• _The task_
Give a verbatim copy of the data, leaving the pictures out.

• _Data_
---+---
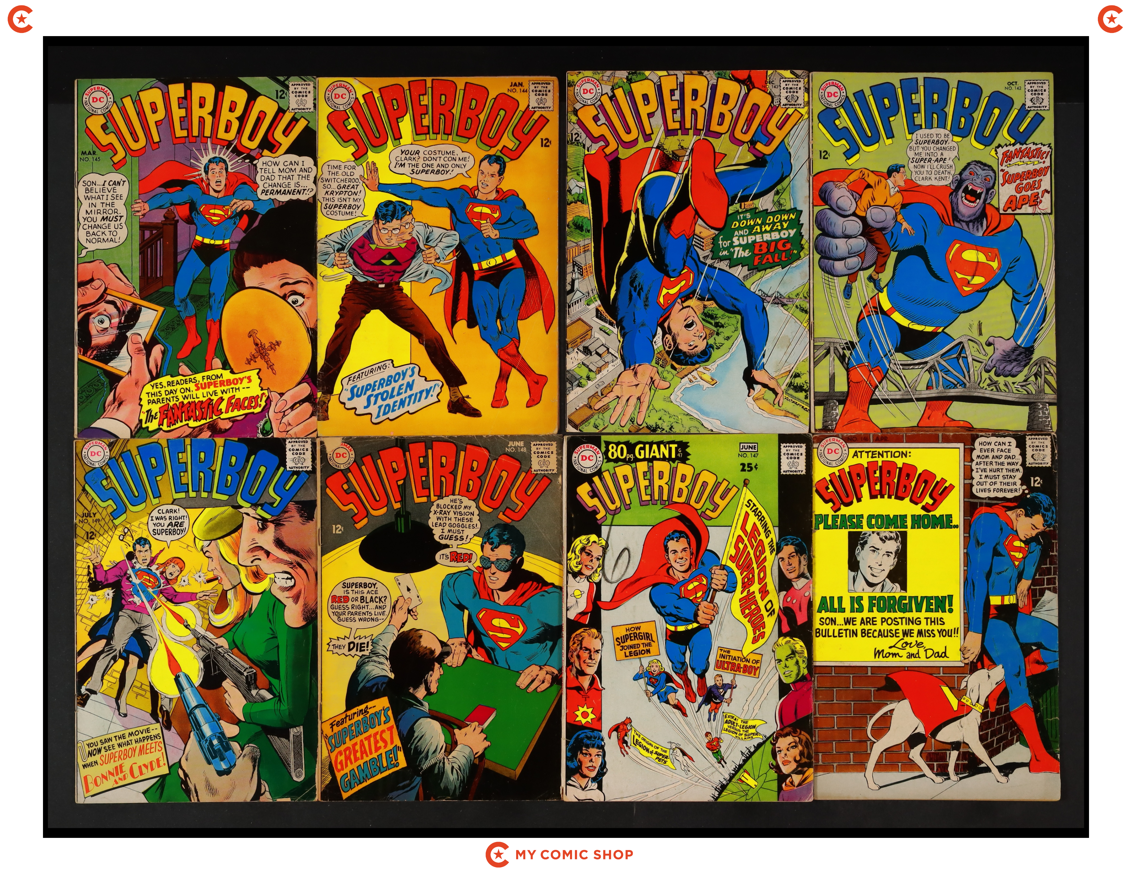 Issues 137-144 of Superboy (1949-1979 1st Series DC). Most will grade in the VG to GD range with #137 and #140 grading PR (both have a page missing, does not affect story or art).
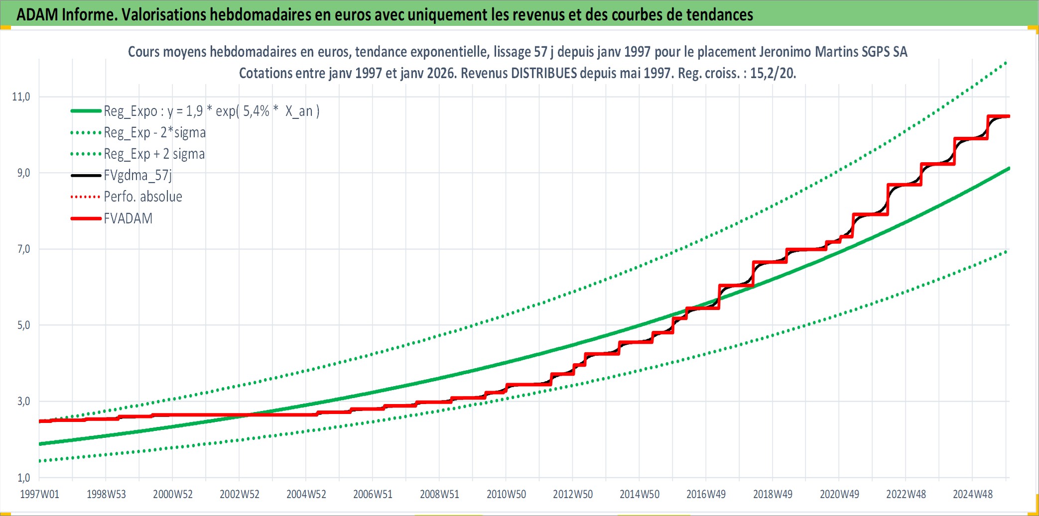 Site dédié aux investisseursPage dédiée sur site financeAnalyse des valorisations hebdomadaires de l'action Jeronimo Martins SGPS SA. Cet actif est cote en EUR. Les valorisations couvrent les semaines 1997W01 a 2026W01. Les revenus de cet actif financier sont pris en compte depuis la semaine 1997W20. La note globale ESG de cet actif est estimee a 14.0 (apres rebasage entre 0 et 20).
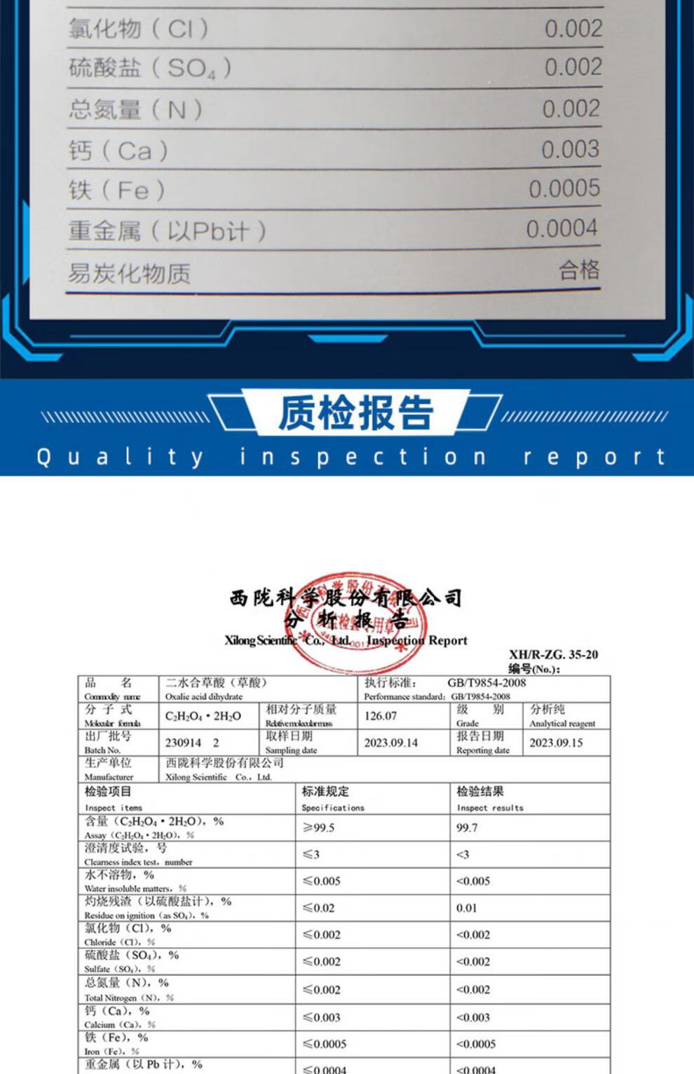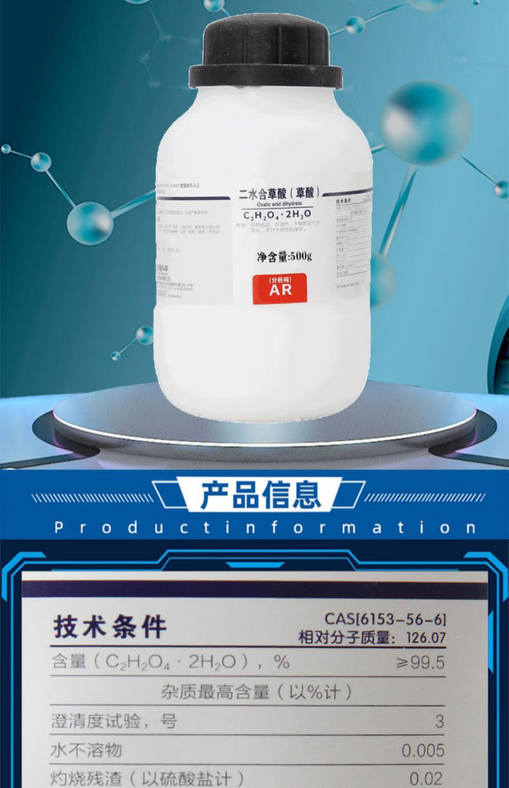 Xilong oxalic acid dihydrate AR analytical pure laboratory pharmaceutical chemical reagent high concentration toilet cleaning and descaling Xilong analytical pure 500g*1 bottle
---+---
• _Written solution_
 Issues 137-144 of Superboy (1949-1979 1st Series DC). Most will grade in the VG to GD range with #137 and #140 grading PR (both have a page missing, does not affect story or art).
 Site dédié aux investisseursPage dédiée sur site financeAnalyse des valorisations hebdomadaires de l'action Jeronimo Martins SGPS SA. Cet actif est cote en EUR. Les valorisations couvrent les semaines 1997W01 a 2026W01. Les revenus de cet actif financier sont pris en compte depuis la semaine 1997W20. La note globale ESG de cet actif est estimee a 14.0 (apres rebasage entre 0 et 20).
 Xilong oxalic acid dihydrate AR analytical pure laboratory pharmaceutical chemical reagent high concentration toilet cleaning and descaling Xilong analytical pure 500g*1 bottle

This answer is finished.